A Dillard's store.

Dillard’s Inc. is holding its ground in department store land.

For the year ended Feb. 2, the company earnings decreased to $170.3 million from $221.3 million, when tax changes boosted the bottom line by $77.4 million. Revenues inched up 1.3 percent to $6.5 billion from $6.42 billion.

Fourth-quarter profits tallied $85.1 million down from the tax-enhanced $157.6 million earned a year earlier as revenues slipped to $2.06 billion from $2.11 billion with a 2 percent comp gain.

Management trumpeted the company’s comp sales gains.

“Our 2 percent comparable store sales increase for 2018 is comprised of four quarters of positive sales,” said Dillard’s Chief Executive Officer, William T. Dillard 2nd. “For the year, we held retail gross margin and operating expenses flat as a percent of sales.
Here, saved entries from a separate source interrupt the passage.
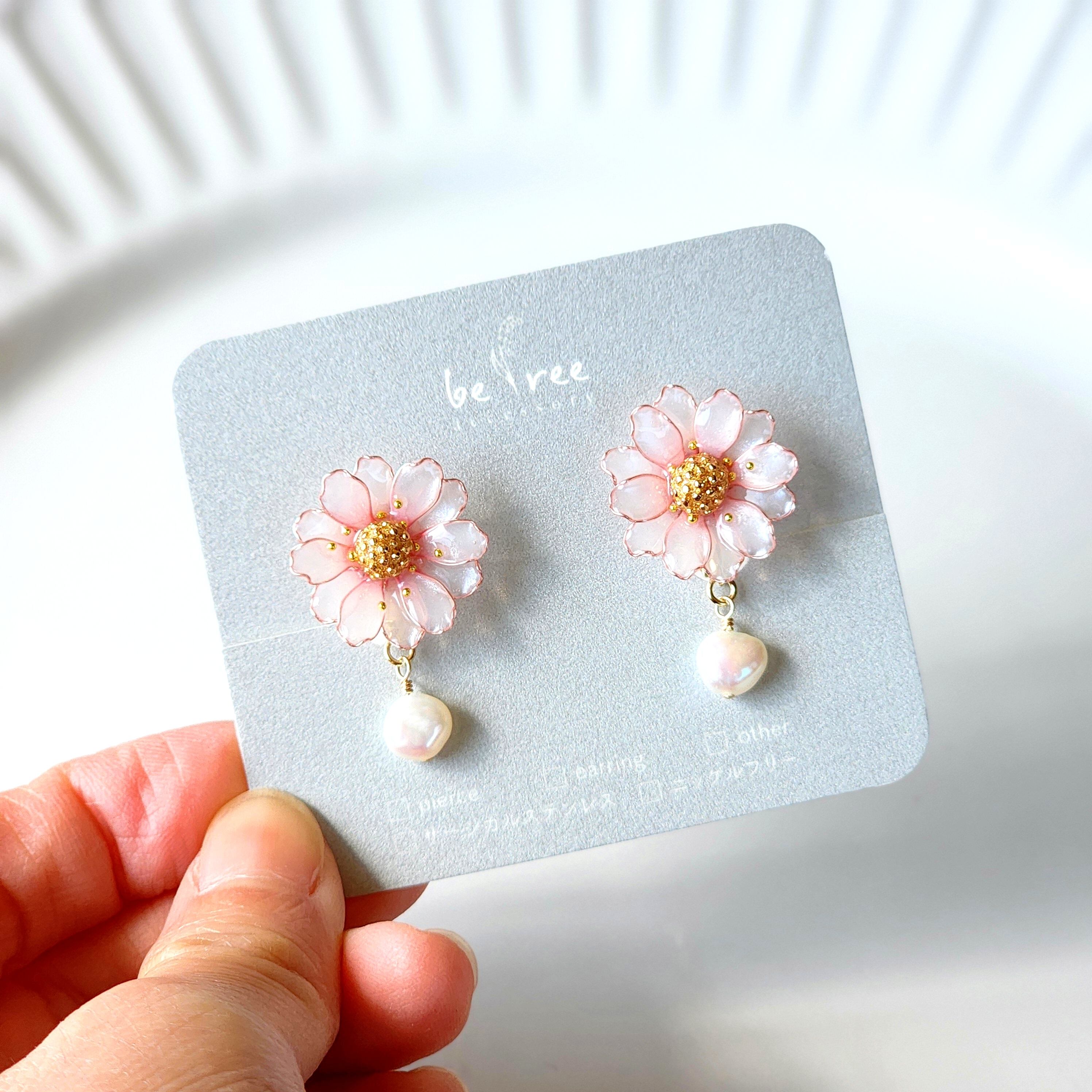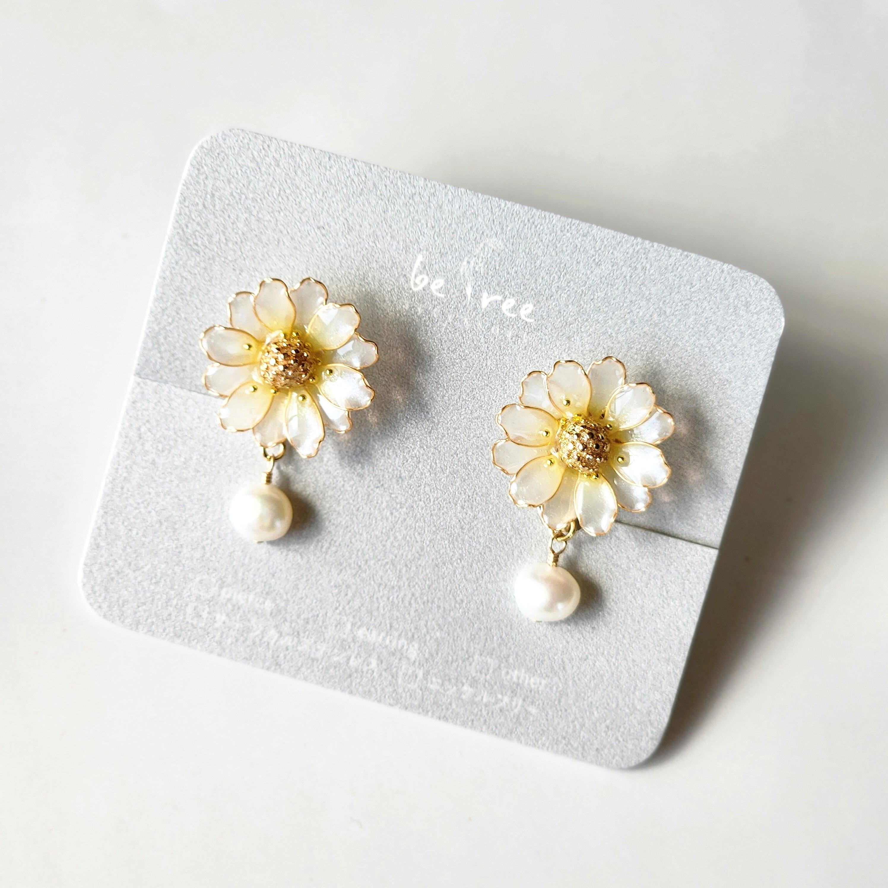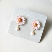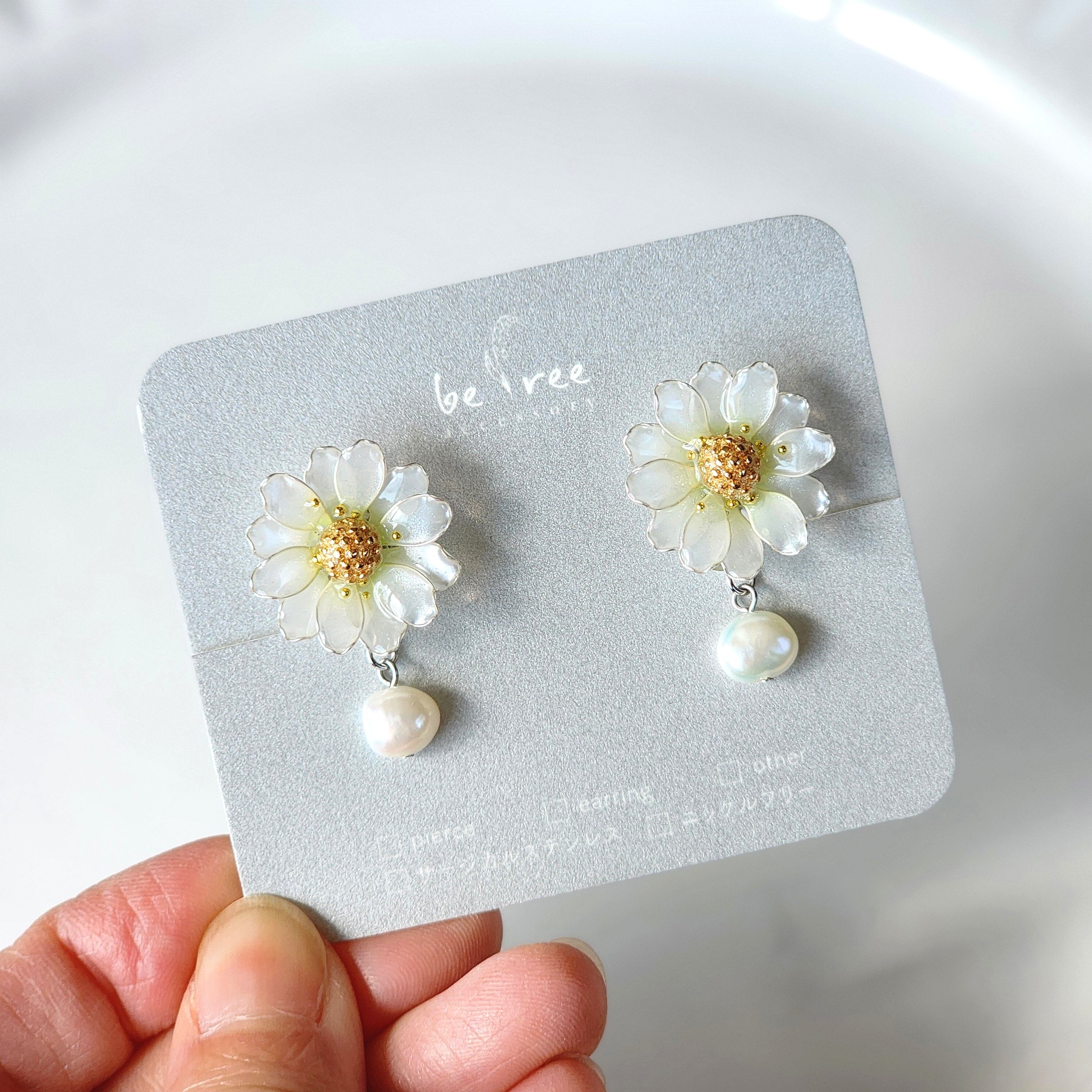 淡く色付く可憐なマーガレットの耳飾りです*.°•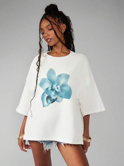 MISSGUIDED Camiseta informal de gran tamaño con estampado gráfico de orquídeas-50%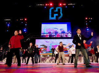 台湾富邦集团今年席开1400桌办尾牙,富邦金董事长蔡明忠与副董事长蔡明兴率领50位集团高阶主管大跳兔子舞。图片来源:台湾“今日新闻网”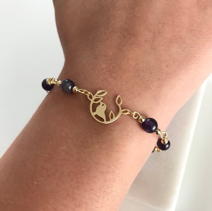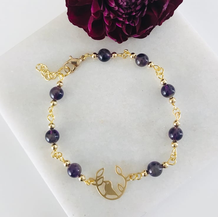 Pretty bracelet made with 6mm amethyst gemstone beads surrounded by small gold plated beads and a gold plated bird connector.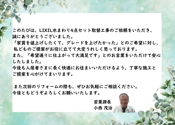 「きれいで使いやすい」と好評のLIXIL4点セットで清潔感が長持ちし、末永く住んでもらえる 賃貸物件になりました♪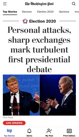 《華盛頓郵報》稱,美國大選首場辯論中充斥著人身攻擊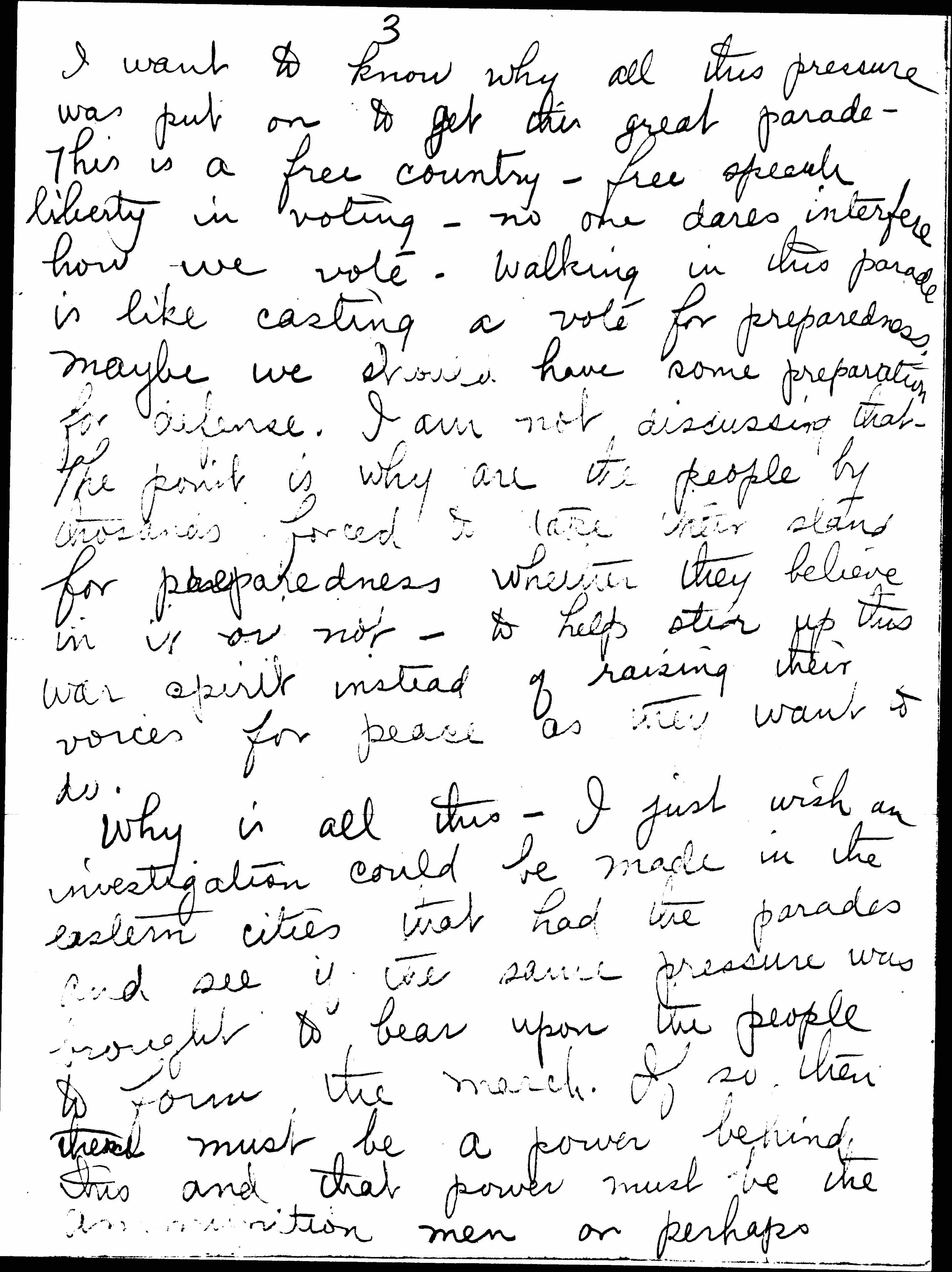 I want to know why all this pressure was put on to get this great parade. This is a free country -- free speech liberty in voting -- no one dares interfere how we vote. Walking in this parade is like casting a vote for preparedness, maybe we should have some preparation for defense. I am not discussing that. The point is why are the people by thousands forced to take their stand for preparedness whether they believe in it or not -- to help stir up this war spirit instead of raising their voices for peace as they want to do.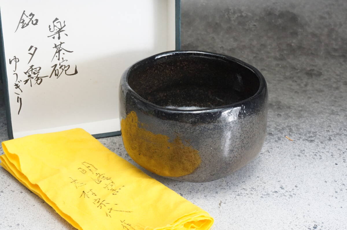 黒楽茶碗 銘 夕霧 明峰窯 志村宗代 萩殿窯 斎藤一斉 12cmx8cm / 茶道具 茶事 織部 志野 古瀬戸 表千家 裏千家

Additionally, during 2018, we returned $139 million to shareholders through share repurchases and dividends.”

The mood improved from November when the company said it was a “disappointing” third quarter with markdowns weighing on margins.

Holiday sales have generally missed rosy expectations for retail and investors are holding their breath as the larger players, including Macy’s Inc. on Tuesday, roll out their results for the period.

As worries about weakness on the horizon linger, more investors are starting to look for prudence as companies balance spending to evolve their operations and cater to online customers with expense cuts to help maintain margins.